We have two weird paradigms in the library community: Lucene-based indexes of metadata (e.g., Blacklight) vs. exhibit makers (e.g., Omeka). How to bring those together so exhibits are made through an index, and the flow through them is itself indexed and made findable and re-usable. (And then there’s the walking through a room and discovering relationships among things.)

How do we preserve the value of the subject classifications? [Here’s one idea: Stacklife :) ]

It’s important to keep one of the core functions of catalog: to identify and create identities for resources. A lot of our examples are facts, but in the Humanities what’s our role in maintaining identities around which we can hang relationships and maintain the disagreements among people. How do you help people navigate that problem space?

The Web’s taught us that the only way to find things is through search, but let’s remember the “link” in “linked data”: the ability to find the relationship between things you’ve found. E.g., the Google Knowledge Graph and Google fact panel are doing this to some degree. We’ve lost that, thanks to computers.

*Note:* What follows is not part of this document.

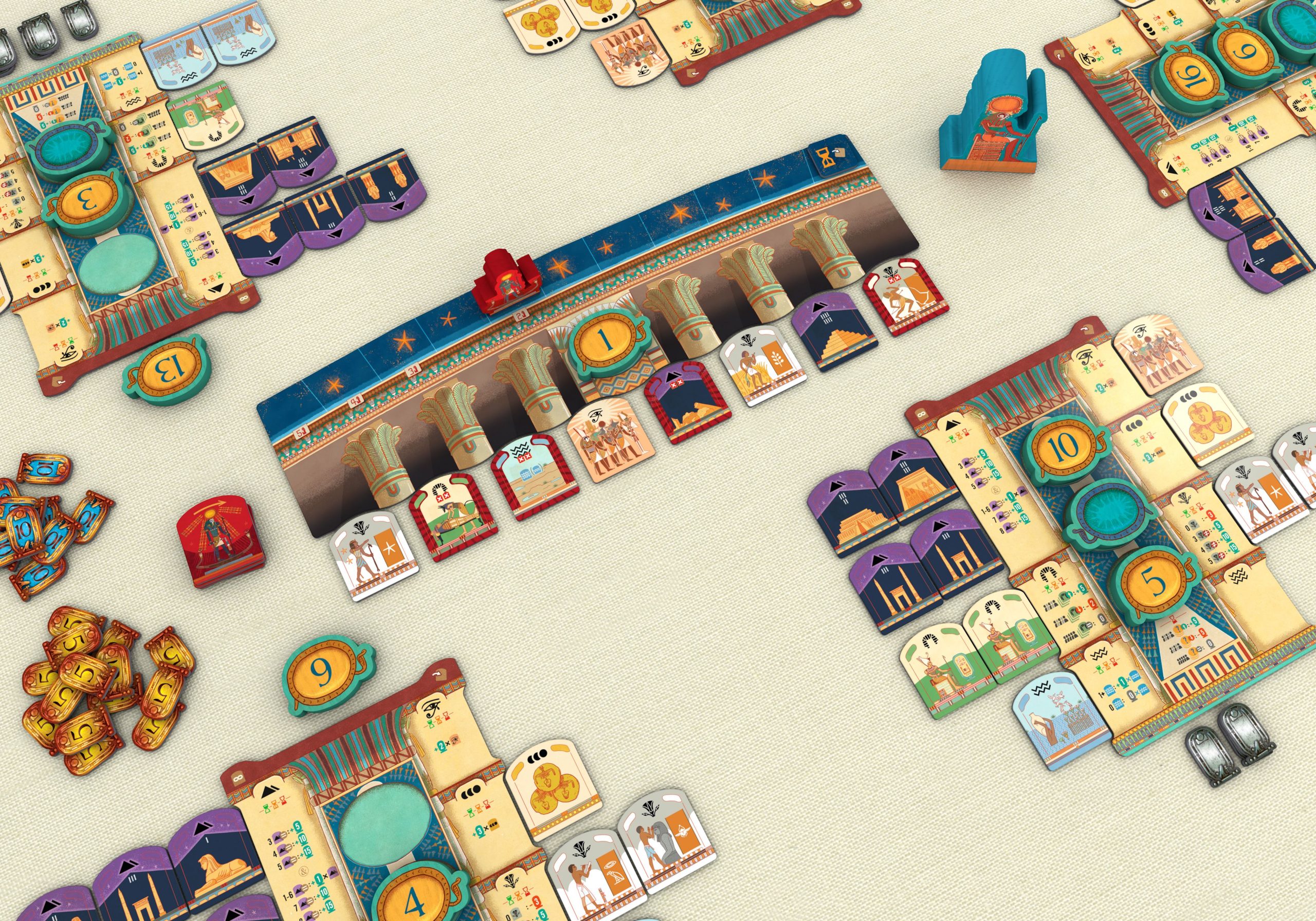 Ra is an auction and set-collection game with an Ancient Egyptian theme. Each turn players are able to purchase lots of tiles with their bidding tiles (suns). Once a player has used up his or her suns, the other players continue until they do likewise, which may set up a situation with a single uncontested player bidding on tiles before the end of the round occurs. Tension builds because the round may end before all players have had a chance to win their three lots for the epoch. The various tiles either give immediate points, prevent negative points for not having certain types at the end of the round (epoch), or give points after the final round. The game lasts for three “epochs” (rounds). The game offers a short learning curve, and experienced players find it both fast-moving and a quick play.

People want to have debates and find conflicting information. It’s hard how to bring this into a search interface.

The Digital Mellini project digitized a specialized manuscript and opened up. Once something is digitized, there are pieces you cannot see with the human eye — e.g., marginal notes.

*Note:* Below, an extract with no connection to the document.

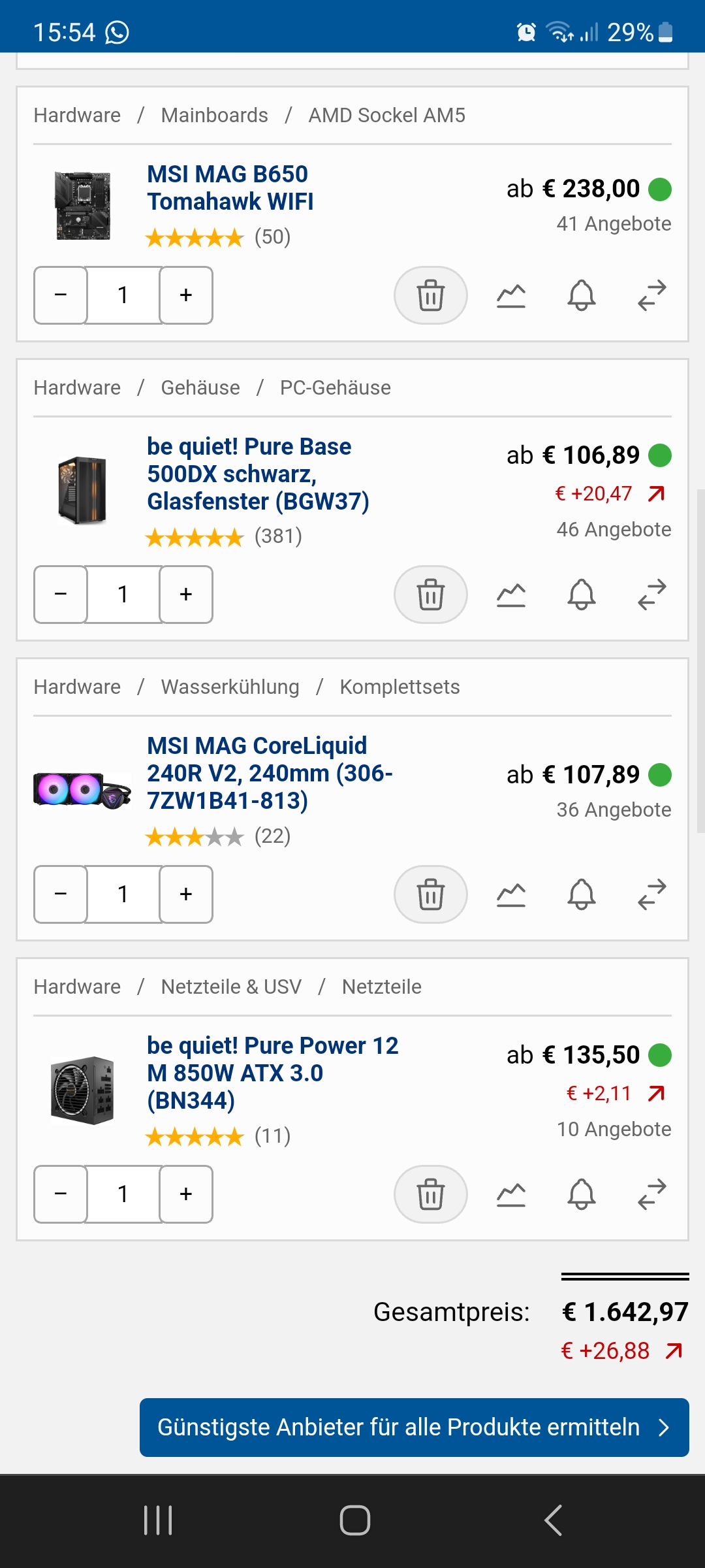 Folgende Artikel könnte ich für 1390€ besorgen:

Other examples of the sort of thing that Corey is talking about:

  • Linking Lives. EACCPF (corporations persons and families).

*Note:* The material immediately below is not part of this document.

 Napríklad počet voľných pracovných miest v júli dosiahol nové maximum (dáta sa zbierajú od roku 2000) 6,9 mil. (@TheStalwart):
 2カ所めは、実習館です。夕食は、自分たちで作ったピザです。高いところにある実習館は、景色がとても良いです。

  • SNACs [??] (“Facebook for dead people”) mines finding aids to find social relationships.

  • LinkSailor (RIP) traversed a many OWL sameAs relationships.

  • CultureSampo (Finnish)

  • Tim Sherratt‘s group has something coming out soon

People think that museum web sites are boring. At LODLAM we’re a bunch of data geeks and are the wrong people to be talking about user interfaces. Response: We should take the Apple route and give people what they don’t know they want. We should also be testing our models against how people think about the world.

“I have a lot of data. It’s very sparse and sometimes very concentrated. It’s hard to know what users want from it. I don’t know what’s going to be important to you. So we generate video games, using geodata to create the playing field.” That’s not a retrieval engine, but it’s a way to make use of the factoids.

Read “The Lean Startup.” The Minimum Viable Product is an important idea. Don’t underrate the role of the product owner in shaping a great project. (Me:) Having strong, usable, graphs that take advantage of what libraries know would be helpful.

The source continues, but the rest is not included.